For our second lesson we sat down and discussed why and when we should wash our hands. We decided to make a list which I include below. Making a list was helpful as it also helped the children recognise the many occasions where they did not have a good handwashing habit. By the end of the lesson the children were really starting to think about where they might pick up germs.

When should we wash our hands?

  • Before we cook food
  • Before we eat
  • After we use the toilet
  • After we play in the garden
  • After we visit the playground
  • After doing chores
  • After playing with pets or touching other animals
  • After we cough, sneeze or blow our nose
  • After we visit someone who is poorly
  • After we clean up after our pets
  • After washing pet bowls
  • After handling cash because we do not know who held it before us
  • After using shopping trolleys
  • After playing at the beach
  • If we help change a baby’s nappy
  • If we hold hands with someone who has dirty hands


Lesson three - Germs and how they are spread

For our final lesson we talked about how germs spread and how they get into our bodies. There had been a recent outbreak of Norovirus and many friends who attended school had been poorly at the same time, so I was able to use this as a base to launch our discussions.  One of the main topics covered was why do germs spread so easily in places where more people gather, such as schools, hospitals, and offices?  This naturally progressed to discussions about the plight of people in poorer countries where perhaps they live near one another but have no running water or soap available.

How do we get infected with germs and viruses?

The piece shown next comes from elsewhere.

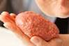 (1)の1/4量を手でまとめ、キャッチボールをする要領で空気抜きをし、形を整える。

  • By touching dirt, dirty hands, or body waste.
  • Through eating or drinking contaminated food or water
  • By touching contaminated surfaces
  • By breathing in droplets in the air from someone else who coughed or sneezed
  • Through cleaning up after someone who is sick or who vomited
  • By touching our face, especially our mouth, nose or eyes after touching something or someone who is contaminated

Lesson extras

For those with children who enjoy colouring, there is a vast selection of free hand washing, colouring pages available on-line. We had some of our children’s colouring laminated so they could hang them in the bathroom and toilet as a reminder to wash their hands.

We also highly recommend Twinkl, who offer a huge selection of learning resources for a very reasonable fee.

Another activity we enjoyed was imagining what germs would look like if they were characters and then bringing those characters to life in paintings and drawings. When it comes to the imagination of little ones, the possibilities here are endless.


Practice makes perfect

My children did not become hand-hygiene specialists over night, but following the lessons we have noticed they are much more careful to wash their hands and will even remind one another. We do get through quite a bit of hand soap nowadays and sometimes I do need to exercise a little patience when I'm in a hurry but they are taking their time at the wash basin. However, we live by the motto that practice makes perfect and knowing the passion children have for exploring the world, a few seconds of delay so they can wash their hands, and the cost of extra soap, is a price worth paying.